Reduces HBM Costs with GPU–Tenstorrent Heterogeneous Distributed Serving
First unveiled at Tenstorrent’s launch event, TT-Deploy, in San Francisco on May 1
SANTA CLARA, Calif., May 2, 2026 /PRNewswire/ — Moreh, an AI infrastructure software company, led by CEO Gangwon Jo, announced that it has successfully validated LLM inference performance on the Tenstorrent Galaxy Wormhole system using its proprietary ‘MoAI Inference Framework.’
Based on tests across leading Mixture-of-Experts (MoE) models—including GPT-OSS, Qwen, GLM, and DeepSeek—Moreh achieved LLM inference performance on Tenstorrent Galaxy Wormhole matching or surpassing NVIDIA DGX A100-class systems, demonstrating a compelling alternative to conventional GPU-centric AI infrastructure.
Moreh also improved cost efficiency by implementing a disaggregated serving architecture that combines GPUs with Tenstorrent Wormhole chips. By utilizing Tenstorrent processors as dedicated prefill accelerators, the company reduced reliance on high-cost HBM and lowered overall infrastructure costs.
The results were first unveiled at Tenstorrent’s launch event, TT-Deploy, held on May 1 in San Francisco.

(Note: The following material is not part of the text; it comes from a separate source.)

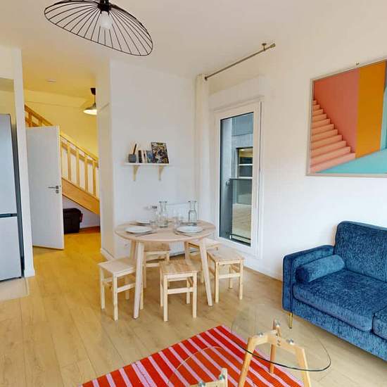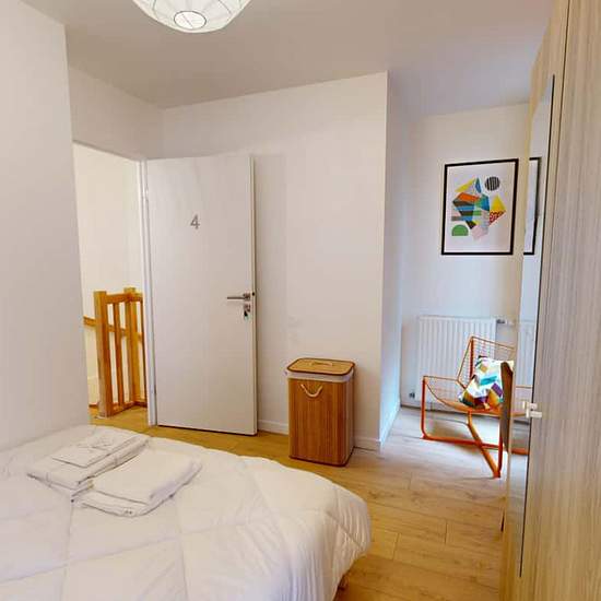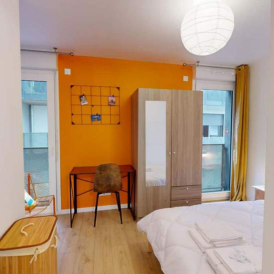 A 300m de la ligne 9 (Croix de Chavaux) et proche du centre de Vincennes et de la station de RER A, nous vous proposons un appartement en duplex avec terrasse dans une résidence entièrement neuve, composé de quatre chambres louées séparément et équipées de tout le linge de lit et de toilette nécessaire. Chaque chambre est dotée d'un lit double, d'un bureau et d'une armoire, de rideaux et volets et est décorée da façon cosy. Les espaces partagés sont constitués d'une cuisine entièrement équipée (congélateur, lave-vaisselle, four, micro-ondes....

As a strategic partner of Tenstorrent and a major external contributor to Metalium, Moreh showcased a live LLM inference demo at the event. Building on its experience operating AMD GPU-based production environments in real-world data centers, the company presented its latest technical achievements in ‘Production-Ready LLM Inference on Tenstorrent Galaxy.’
MoAI Inference Framework is a disaggregated inference solution that enables unified operation of heterogeneous GPUs and NPUs—including NVIDIA, AMD, and Tenstorrent—within a single cluster. This allows enterprises to build flexible AI infrastructure strategies without vendor lock-in.
Moreh CEO Gangwon Jo stated, “Achieving production-grade LLM inference performance and stability on Tenstorrent-based systems marks a significant milestone,” and added, “We will continue to enhance performance through deeper optimization across heterogeneous architectures and closer integration with Tenstorrent NPUs.”
Moreh is developing its own core AI infrastructure engine and, through its foundation LLM subsidiary Motif Technologies, is building end-to-end capabilities spanning both infrastructure and model domains. Simultaneously, the company is making its mark in the global market through collaborations with key partners such as AMD, Tenstorrent, and SGLang.